Y si vamos más allá de la forma estrictamente lingüística, hay otra dimensión que rara vez se menciona cuando se habla del “peso” del español en el mundo: la responsabilidad enunciativa. No alcanza con decir que el español es masivo si no se mira cómo circula ese español. ¿Qué español aparece en la comunicación pública? ¿Qué español se usa para redactar normativas que afectan derechos? ¿Qué español se usa en entornos digitales para hablarle a ciudadanía que no necesariamente comparte los mismos capitales educativos? ¿Qué español se legitima como idioma de educación y qué español queda marcado como “incorrecto”, “vulgar”, “demasiado local”? Ahí hay poder.

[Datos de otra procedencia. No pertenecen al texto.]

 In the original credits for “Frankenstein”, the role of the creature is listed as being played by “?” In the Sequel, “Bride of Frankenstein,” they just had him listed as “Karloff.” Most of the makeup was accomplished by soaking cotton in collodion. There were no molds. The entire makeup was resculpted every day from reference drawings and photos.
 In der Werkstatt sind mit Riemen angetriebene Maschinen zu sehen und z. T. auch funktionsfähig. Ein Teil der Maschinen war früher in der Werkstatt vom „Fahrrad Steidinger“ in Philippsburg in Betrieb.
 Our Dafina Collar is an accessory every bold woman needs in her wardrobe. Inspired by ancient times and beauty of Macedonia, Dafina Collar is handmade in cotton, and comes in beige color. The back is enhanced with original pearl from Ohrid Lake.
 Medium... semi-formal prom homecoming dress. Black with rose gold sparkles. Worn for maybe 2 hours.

Hablar de lengua viva no es hacer folclore con las variantes. No es decir “qué lindo cómo hablan en tal lugar”. Es asumir que cada forma de decir organiza la relación entre el Estado y la ciudadanía, entre la institución y la persona usuaria, entre quien tiene la palabra pública y quien la recibe. Cuando se impone un español supuestamente neutral, sin marcas de procedencia, normalmente lo que se está imponiendo es la variedad asociada al centro de difusión con más capacidad editorial y mediática, y eso, de nuevo, es una decisión política, económica y cultural, no un accidente lingüístico.
Por eso, después de leer esa publicación tan optimista sobre el tamaño del español, me quedó una sensación rara. No discuto que haya que conocer esos números. Sirven. Son insumo. Lo que discuto es que esa no puede ser la única forma de hablar de la lengua. Una lengua no está viva porque crece en cantidad. Está viva porque sigue pudiendo decir, porque no deja afuera a quienes la usan de otro modo, porque acepta ser tocada por quienes la necesitan para habitar el mundo.

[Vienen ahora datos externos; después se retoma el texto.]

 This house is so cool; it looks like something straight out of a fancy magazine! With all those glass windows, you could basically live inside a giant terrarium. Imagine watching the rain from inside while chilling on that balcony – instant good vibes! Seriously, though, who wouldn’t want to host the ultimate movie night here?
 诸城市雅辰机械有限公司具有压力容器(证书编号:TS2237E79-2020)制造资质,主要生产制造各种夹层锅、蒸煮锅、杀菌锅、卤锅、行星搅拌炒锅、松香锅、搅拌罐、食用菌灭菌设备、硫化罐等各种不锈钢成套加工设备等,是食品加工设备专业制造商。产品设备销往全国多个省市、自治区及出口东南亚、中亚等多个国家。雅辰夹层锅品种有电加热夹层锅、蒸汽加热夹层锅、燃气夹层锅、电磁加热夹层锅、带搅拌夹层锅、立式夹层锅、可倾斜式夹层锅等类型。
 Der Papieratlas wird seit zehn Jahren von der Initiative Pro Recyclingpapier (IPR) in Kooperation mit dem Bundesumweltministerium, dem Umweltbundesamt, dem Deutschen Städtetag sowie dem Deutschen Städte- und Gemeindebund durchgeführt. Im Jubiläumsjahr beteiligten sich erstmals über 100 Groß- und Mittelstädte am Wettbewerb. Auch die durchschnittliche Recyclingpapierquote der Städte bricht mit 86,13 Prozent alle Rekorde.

Tal vez el mejor homenaje al español no sea repetir cuántos millones de hablantes tiene, sino escuchar qué hace cada comunidad con él. Escuchar cómo se lo dobla, cómo se lo adapta, cómo se lo vuelve cercano. Entender que el español no es patrimonio de una institución ni de una capital, sino de quienes lo sostienen todos los días con su propia cadencia, y confiar en algo simple: mientras haya alguien que lo diga con la marca de su historia personal, el español va a seguir vivo, y va a seguir siendo de todos.